Bishop and Confessor
- Born: Aquitania, Gaul
- Died: ca. 392 Agen, Aquitania, Gaul
- Venerated in: Roman Catholic Church
- Feast: April 25

= Phoebadius of Agen =

Phoebadius of Agen (also, Phaebadius, Foegadius, or, in French, Phébade; died ca. 392) was a Catholic bishop of the fourth century. At the Council of Ariminum in 359 and other councils, he was a supporter of Nicaean orthodoxy. He wrote several works, including a treatise against the Arians which still survives.

==Life==

Phoebadius was a Gaul by birth. It seems likely that he was born in the province of Aquitania, since Sulpicius Severus refers to him as Foegadius noster ("our" Foegadius, a variant spelling of Phoebadius's name).
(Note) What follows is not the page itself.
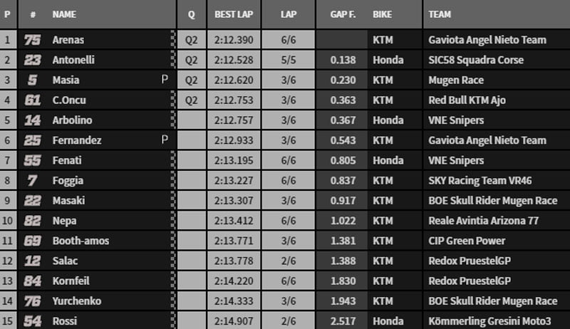 Dans les derniers instants, Arenas prend les commandes en 2’12.390 devant Antonelli sorti de nulle part. Masiá et Öncü suivent pour aller en Q2. Arbolino et Fernández sont déconfits car premiers éliminés. Fenati s’élancera 21e. Les pilotes Snipers sont loin du compte.

He may have even been born in Agen, where he was bishop. When he became bishop is not known. It was very likely after 347, since he is not listed among the Gallic bishops who were present at the Council of Serdica in that year, a fact noted by Tillemont. He was certainly a bishop by 357, however, which was the year that he and other bishops rejected the so-called second Sirmian Confession, a pro-Arian creed endorsed by Constantius II. Alban Butler notes that Phoebadius's opposition to that confession was so successful that "in Aquitan it was universally rejected."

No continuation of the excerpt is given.